"La Madame del Amazonas" es como se conoce a la banda de "la Tigresa", "el Tigrillo" y "el Caimán", los sobrenombres de los líderes de una organización que se dedicaba a la explotación sexual de niñas y adolescentes entre Colombia, Brasil y Perú.

Este jueves, el gobierno colombiano anunció la detención de los tres después de seis meses de investigación y "más de 1.400 horas" de escuchas interceptadas.

El golpe a esta banda criminal contó con el apoyo del Servicio de Seguridad Diplomático estadounidense (DSS, por sus siglas en inglés).

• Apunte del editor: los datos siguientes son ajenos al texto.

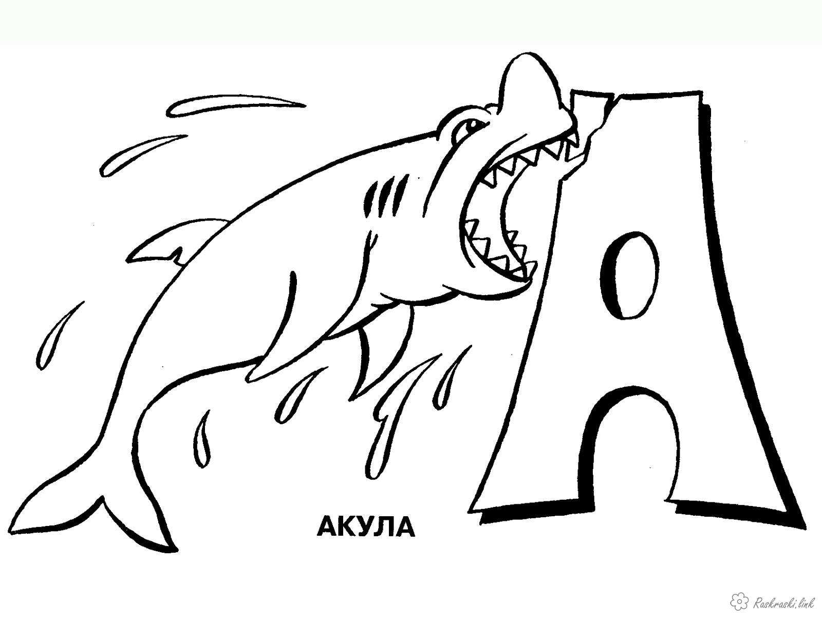 Буква а акула. Раскраска буква а акула вивчаємо букви розфарбування з алфавітом завантажити бесплатно онлайн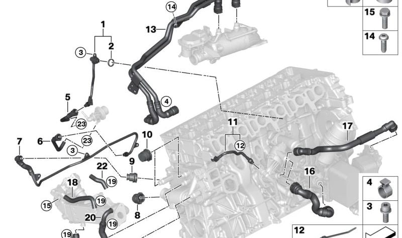 Esta es una pieza original BMW utilizada para el sistema de refrigeración del turbocompresor, asegurando un rendimiento óptimo y la protección del motor en condiciones de alta exigencia.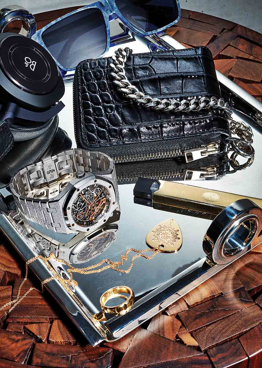 Đồng hồ Audemars Piguet Royal Oak Frosted Gold Double Balance Wheel (thewatchbox.com); Tai nghe Bang & Olufsen Beoplay H9 (bang-olufsen.com); Kính râm Louis Vuitton (louisvuitton.com); Ví da cá sấu Tom Ford kèm dây xích (tomford.com); Vỏ hộp vape bằng vàng 18k của Miansai (miansai.com); Dây chuyền vàng 18k của Jenny Dee (jennydeejewel.com); Nhẫn vàng 18k của Boucheron (boucheron.com); Khay mạ bạc Puiforcat (puiforcat.com).
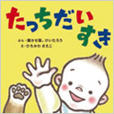 海外では赤ちゃん絵本は言葉や色、形を教える初等教育の本として扱われることも多いですが、日本の場合は親子の関わりを生み出すものが主流です。指をさしたり、くすぐり合ったり、顔を見合ったりと、スキンシップが生まれる工夫が多くみられます。例えば、『たっちだいすき』※1はハイタッチをしながら楽しめる絵本。『ぶう ぶう ぶう』※2では親子で一緒に「ぶう」と聲を出して読み進められます。ば行、ぱ行、ま行など、赤ちゃんが発しやすい両唇音が多用されるのも赤ちゃん絵本の特徴です。赤ちゃん絵本で、親子の楽しいひと時を過ごしませんか。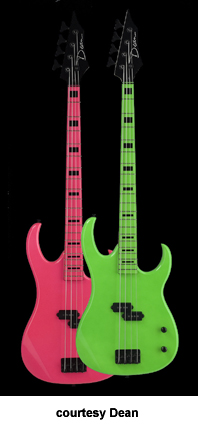 CUSTOM ZONE BASS | - offset double cutaway P-style basswood body, bolt-on maple neck, 22-fret color-matched fingerboard with block inlays, four-on-one-side tuners, die cast bridge, single exposed split coil P-style pickup, two knobs, black hardware, available in Classic Black, Flour. Pink, Metallic Red, or Nu Q Ler Green finish, 34 in. scale, new 2007. |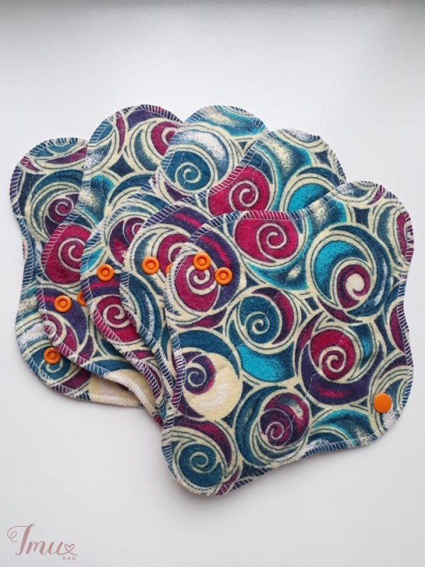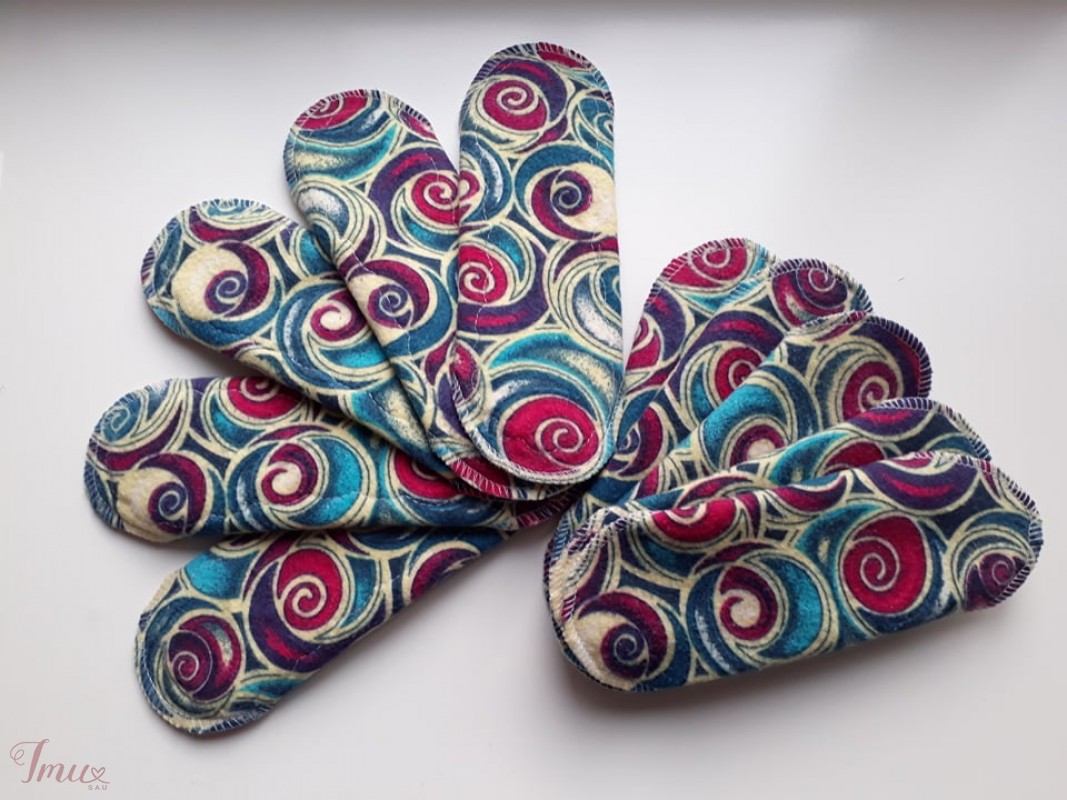 Moteriški daugkartiniai įklotai. Viršutinis sluoksnis minkšta flanelė. Viduje 3 sluoksniai flanelės ir vienas sluoksnis bambuko, kuris pasižymi itin geru drėgmės sugėrimu ir antibakterinėmis savybėmis. Apatinis sluoksnis yra PUL‘o, poliesterio padengto plėvele, todėl nepraleidžia drėgmės. Užsegamas spaudėmis. Įklotų variantai: 20cm - 14,50eur 23cm - 17eur 26cm - 20eur Rinkinį sudaro 5vnt. įklotų.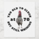 Um 70 engraçado aniversário sobre a etiqueta do vinho do Hill Rooster Party, Coloque algum humor em sua festa com essa linda etiqueta de galo preto e branco. Fundo personalizável branco com galo centrado no rótulo e na frase engraçada "muito velho para bater aos 70, mas ainda chorando." Veja também outros produtos correspondentes aqui nesta loja.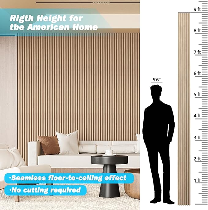 Art3d Fluted Wood Panel for Wall and Ceiling, Beaded Accent molding for Home Decoration, Pack of 4pcs + 1pc End-Trim, Size 108 x 5.7in.- Beaded Ashtree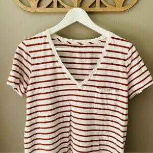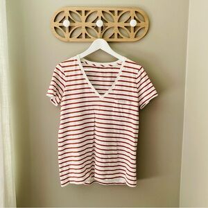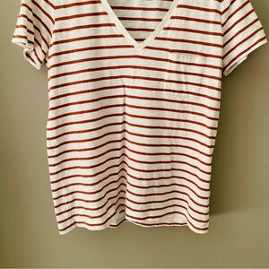 Madewell Stripped V-Neck Tee Shirt White/Orange Sz Medium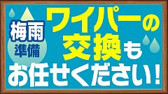 今年も梅雨の時期がやってきますね。 ジメジメと蒸し暑い梅雨… お車でのお出掛けでは、ワイパーの使用が増えてきます。 最近拭き取りが悪い、音が出るようになったなど、気になっている点はないでしょうか? 当店ではワイパーの交換を行っております。 梅雨入り前にお車のメンテナンスを行ってみて...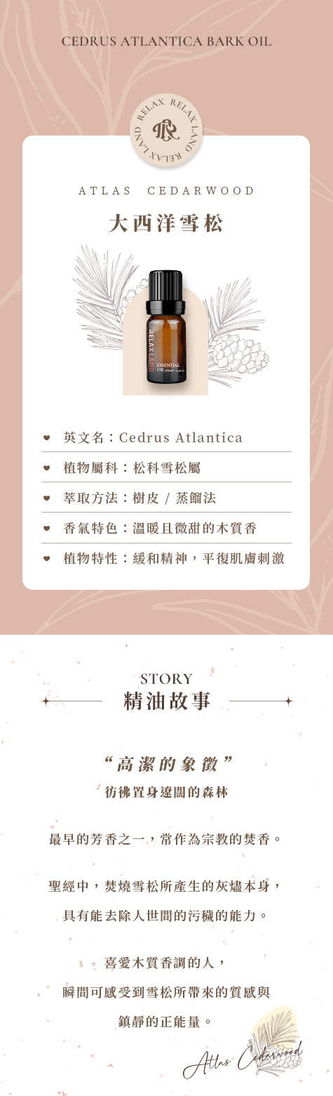 有著溫暖的木質香氣,能幫助我們減緩肌膚的刺激,也很適合冥想時沉靜心靈

El sobrenombre de "la Madame" surgió en 2018, después de la detención de Liliana del Carmen Campos Puello, quien llevaba ese alias y está acusada de ser una de las mayores proxenetas de menores en Cartagena.

"La investigación nació gracias a la denuncia de una de las madres de las víctimas, quien nos contó lo que había sucedido", señaló el director de la oficina de Migración de Colombia, Christian Krüger.

En un comunicado enviado a BBC Mundo, el organismo añade que su despacho contó con el apoyo de autoridades peruanas para identificar cómo funcionaba la organización.

"Iniciamos toda una investigación que hoy nos permite librar del flagelo de la trata a las comunidades indígenas", indica el mensaje.

A los detenidos se les acusa de tráfico de migrantes, trata de personas, inducción a la prostitución y demanda de explotación sexual con menores.

¿Cómo funcionaba?

De acuerdo con los informes oficiales, "la Tigresa", "el Tigrillo" y "el Caimán" operaban desde Puerto Nariño, una ciudad en el departamento del Amazonas en sur de Colombia y cerca de la frontera con Brasil y Perú.

"Los sindicados responden a los nombres de William Ramón Veloza Souza, alias "El Caiman" o "Tis-Tis"; Leonarda Camara Pizango, alias "la Tigresa"; y Zenon Peña Camara, alias "El Tigrillo", señala el reporte de Migración

El apodado como "el Caimán" era el "reclutador" del grupo, mediante regalos y engaños con los que atraía a niñas y adolescentes.

"En ese momento entraba en acción "la Tigresa" quien, ganándose la confianza de las menores, se encargaba de enviarlas desde el municipio de Puerto Nariño hacia las ciudades de Iquitos y Pucallpa, en Perú, donde eran explotadas laboral y sexualmente", relata el boletín de Migración.

La banda de "la Madame" llegó a gestionar documentos de identidad peruanos para sus víctimas y así evitar conflictos legales.

Explotación sexual en Colombia

En julio de 2018, casi una veintena de personas fueron arrestadas en un operativo considerado como la "mayor acción contra la explotación sexual de menores" en la turística ciudad de Cúcuta.

Las autoridades colombianas estiman que al menos 250 niñas y adolescentes eran abusadas sexualmente. En total se realizaron 13 allanamientos, siete registros policiales y el seguimiento a cinco hoteles.

Las menores eran "ofrecidas" en las calles, por catálogo en hoteles e incluso como parte de fiestas sexuales en lujosas embarcaciones, según los reportes policiales.

El comunicado emitido entonces por la Fiscalía añadía que "muchas de las víctimas identificadas en las investigaciones son migrantes venezolanas en estado de vulnerabilidad".

En Colombia el trabajo sexual no es una actividad ilegal, sin embargo la explotación y la trata de personas mantiene a las autoridades preocupadas.

La Dirección de Investigación Judicial e Interpol de este país (Dijin) difunde mensajes periódicamente alertando a la población por posibles engaños que pueden derivar en secuestros, desapariciones forzadas o violaciones.

El director de Migración Colombia, Christian Krüger, indicó que los recién detenidos pueden obtener condenas "de hasta 37 años".

"Hoy le podemos dar tranquilidad a la ciudadanía de que estas personas están tras las rejas", concluyó.